Lesson 5: Ask for Help
I'm bad at asking for help. I also don't live near family, which I think would make asking for help easier. It's not that I want to be a super mom or a super pastor/mother at all. It's mostly because I don't want to put anyone out or inconvenience anybody. But there is a lot of truth to the saying "it takes a village." And I'm blessed to have a wonderful faith community to be that village for me and my family.
Lesson 6: Grieve Loss
In seminary and chaplaincy training, I was taught how to sit in grief with others, provide appropriate pastoral care, and create a safe space for the grieving. What I wasn't taught was how to grieve a loss when I am the pastor of a congregation. I had difficulty getting pregnant with my first child, so when we easily got pregnant with our second, it was a wonderful surprise. In the twelfth week of my pregnancy, however, we miscarried. I wondered about my ability to be a pastor when the mother in me was grieving. What I realized is that I didn't have anything to worry about. My congregation was incredibly gentle, grace-filled, and understanding. I was surprised by how many women shared their own stories of miscarriage, loss, and grief. As a mother, I was able to grieve at my own pace, and as a pastor, I was able to empathize with those who experienced similar loss.
Lesson 7: Self-Care
Well, it wouldn't be a good list of lessons learned if didn't throw in self-care.

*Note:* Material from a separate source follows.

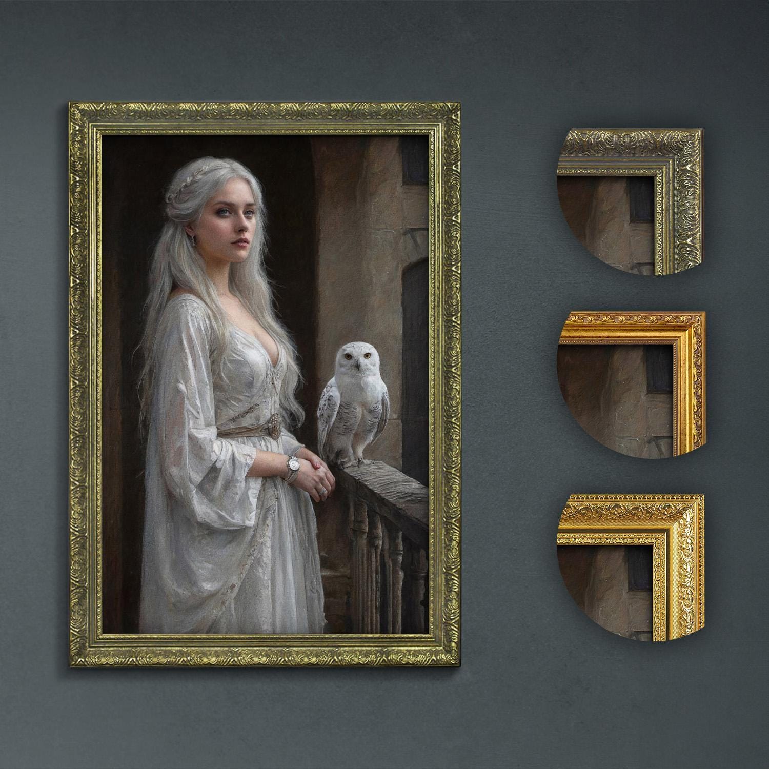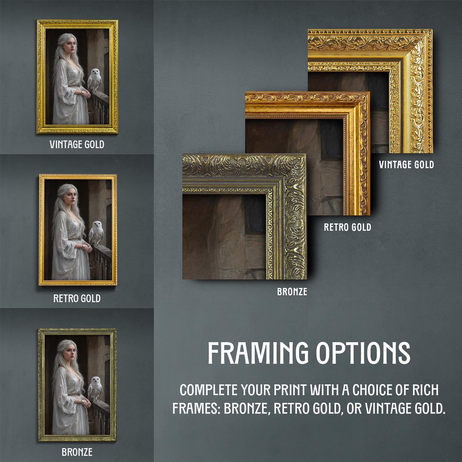 Discover the enchanting allure of this princess and snowy owl art print, a perfect blend of dark academia art and medieval lady charm that invites you into a world of noble mystery. The majestic owl print perches gracefully, evoking moonlit castle scenes and mystical room decor that transform any space with its regal presence. Crafted with an eye for detail, this piece brings an air of timeless elegance and enchanted wall art to your home.

Frankly, I admit that I am not great at this in the traditional sense, meaning I don't take a lot of "me" time, don't exercise, or carve out time for a hobby. However, one thing that feeds into my sanity is the Google calendar, which is color coded according to mine, my husband's, and the kids' schedules. It also helps me to not over book. I try not to live a busy life, but a full, balanced life.
Lesson 8: Freedom
My last lesson learned (at least for this blog) is knowing when to give my kids the freedom to explore, be curious, and be themselves. As a pastor, there are certain things that I'm intentional about exposing my kids too -- opportunities to serve others, develop empathy and compassion, and a sense of awareness of what is happening in the world. But I also want them to have the freedom to discover, make mistakes, and wonder. That's what I hope for as a mother. And as a pastor, I will try to not use my kids to rate the Sunday School program or be guinea pigs to new ideas and activities I want to try.
So, to all the pastor/mothers out there: I commiserate with you. I am in awe of you. And I am blessed to be in such good company. It feels less lonely knowing you are there. I look forward to hearing your own stories of being a pastor/mother.
Theresa Cho is a Reno, Nevada native who graduated from McCormick Theological Seminary in Chicago with awards in preaching and theology. She blogs at Still Waters.